# Task
Starting with the line that holds "Friends group silhouette", repeat each line through the last one below, exactly. Pictures stay out.

# Provided material
□ □ □ □ □ □ □

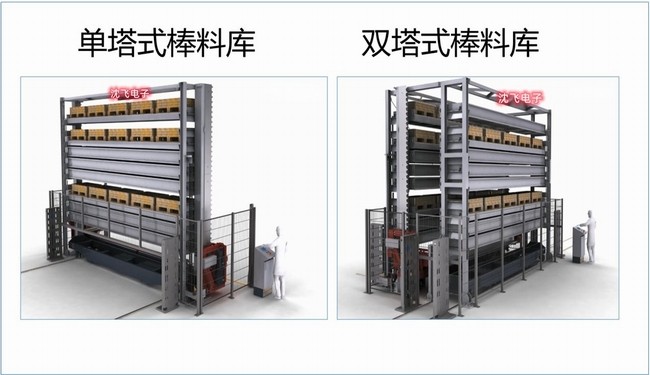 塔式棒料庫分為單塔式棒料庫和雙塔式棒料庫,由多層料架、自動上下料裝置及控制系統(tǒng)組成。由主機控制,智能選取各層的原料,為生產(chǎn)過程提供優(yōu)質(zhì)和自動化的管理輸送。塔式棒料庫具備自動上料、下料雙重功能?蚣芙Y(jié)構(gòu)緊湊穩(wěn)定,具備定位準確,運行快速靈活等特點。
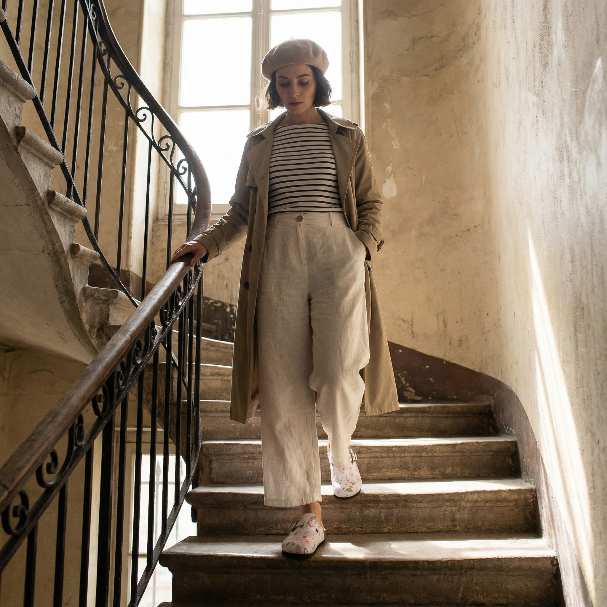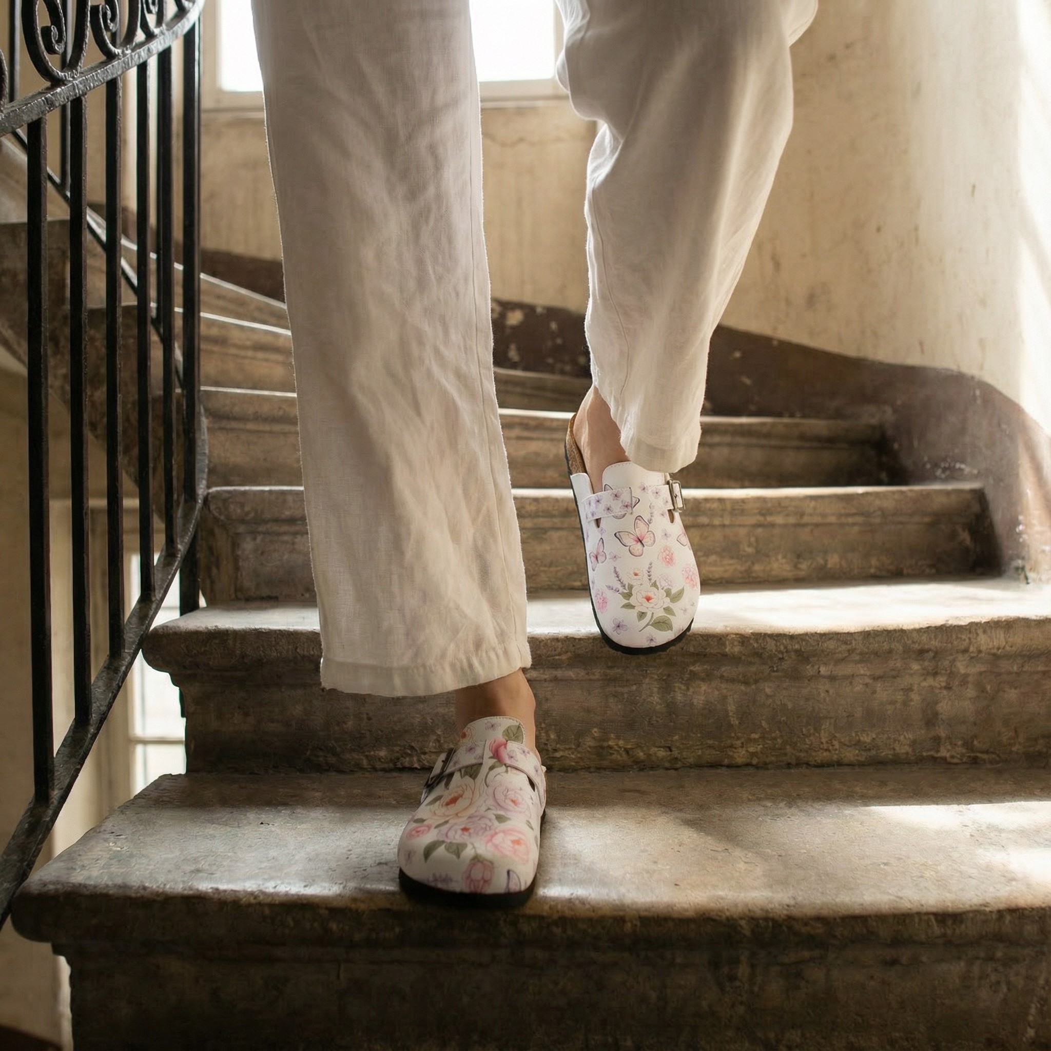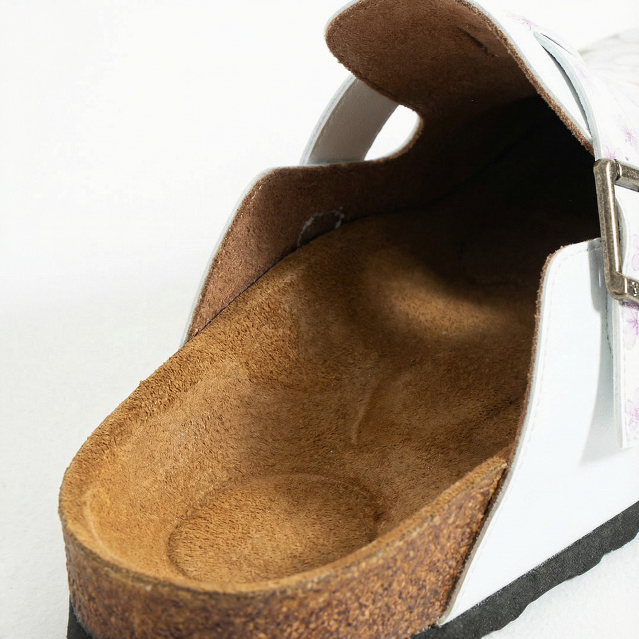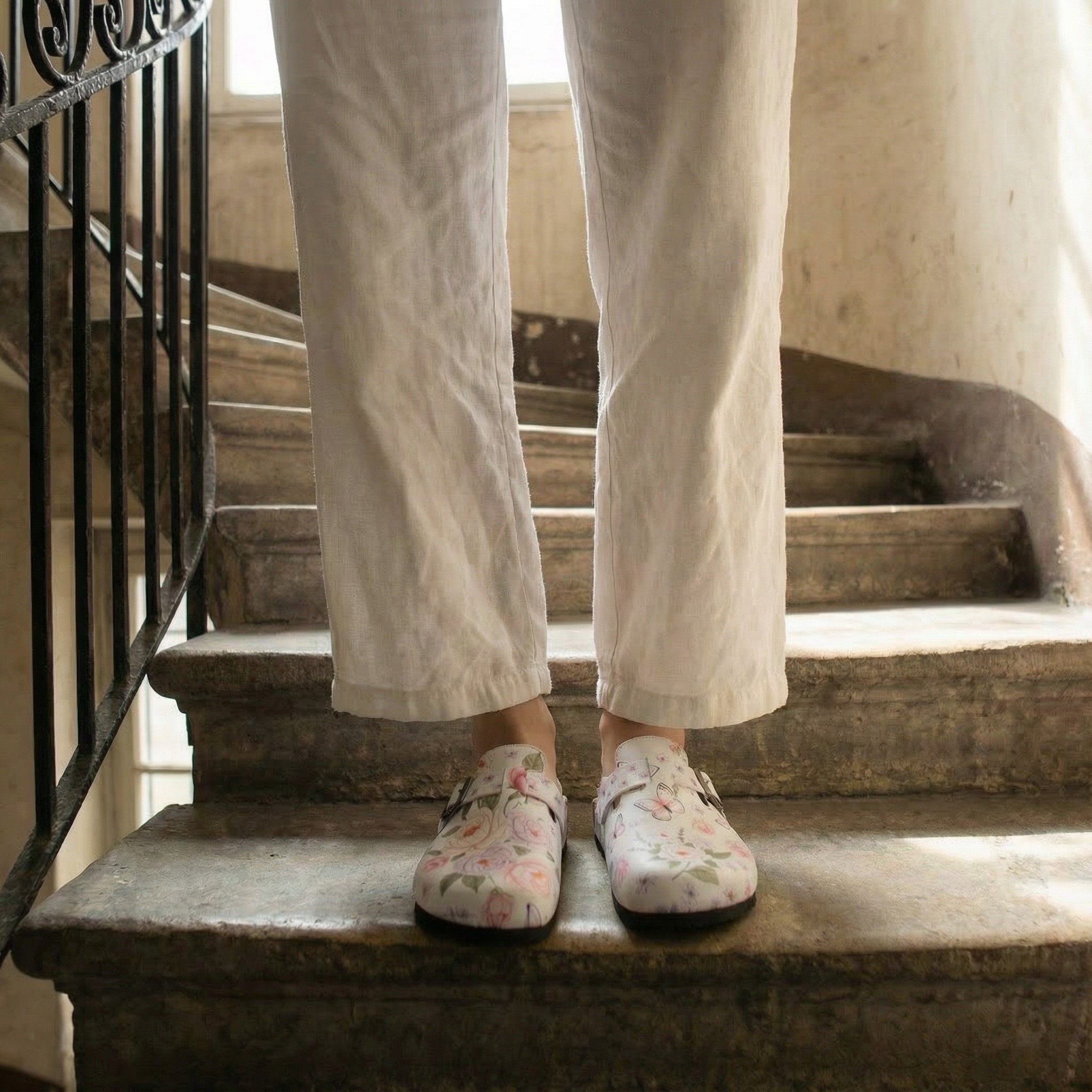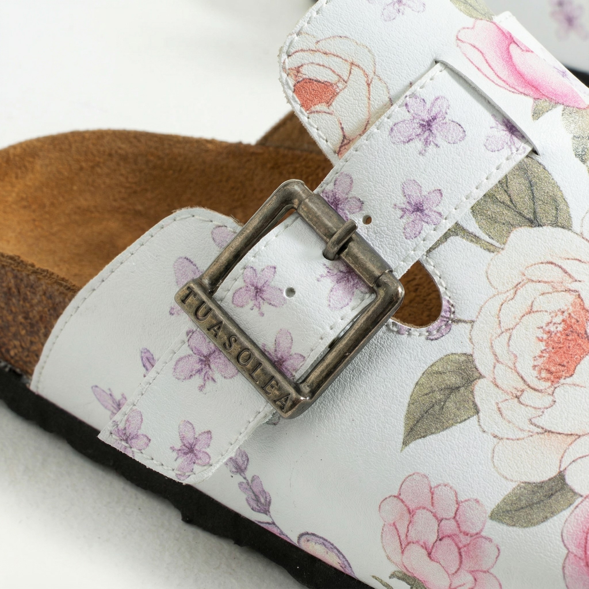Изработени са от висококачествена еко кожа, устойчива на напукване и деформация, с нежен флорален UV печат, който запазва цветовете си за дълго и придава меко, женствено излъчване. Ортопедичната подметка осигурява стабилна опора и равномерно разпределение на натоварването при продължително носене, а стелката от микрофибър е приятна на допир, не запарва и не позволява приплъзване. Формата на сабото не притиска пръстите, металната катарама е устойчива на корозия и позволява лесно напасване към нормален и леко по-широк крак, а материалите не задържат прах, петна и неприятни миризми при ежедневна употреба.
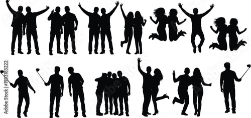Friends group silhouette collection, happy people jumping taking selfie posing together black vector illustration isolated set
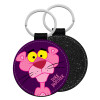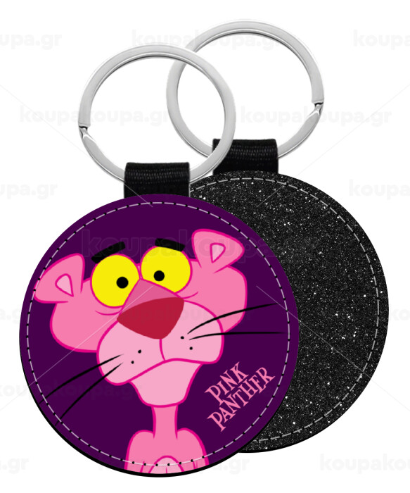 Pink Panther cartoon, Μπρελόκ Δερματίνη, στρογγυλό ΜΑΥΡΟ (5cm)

□ □ □ □ □ □ □

# Written response
Friends group silhouette collection, happy people jumping taking selfie posing together black vector illustration isolated set
 Pink Panther cartoon, Μπρελόκ Δερματίνη, στρογγυλό ΜΑΥΡΟ (5cm)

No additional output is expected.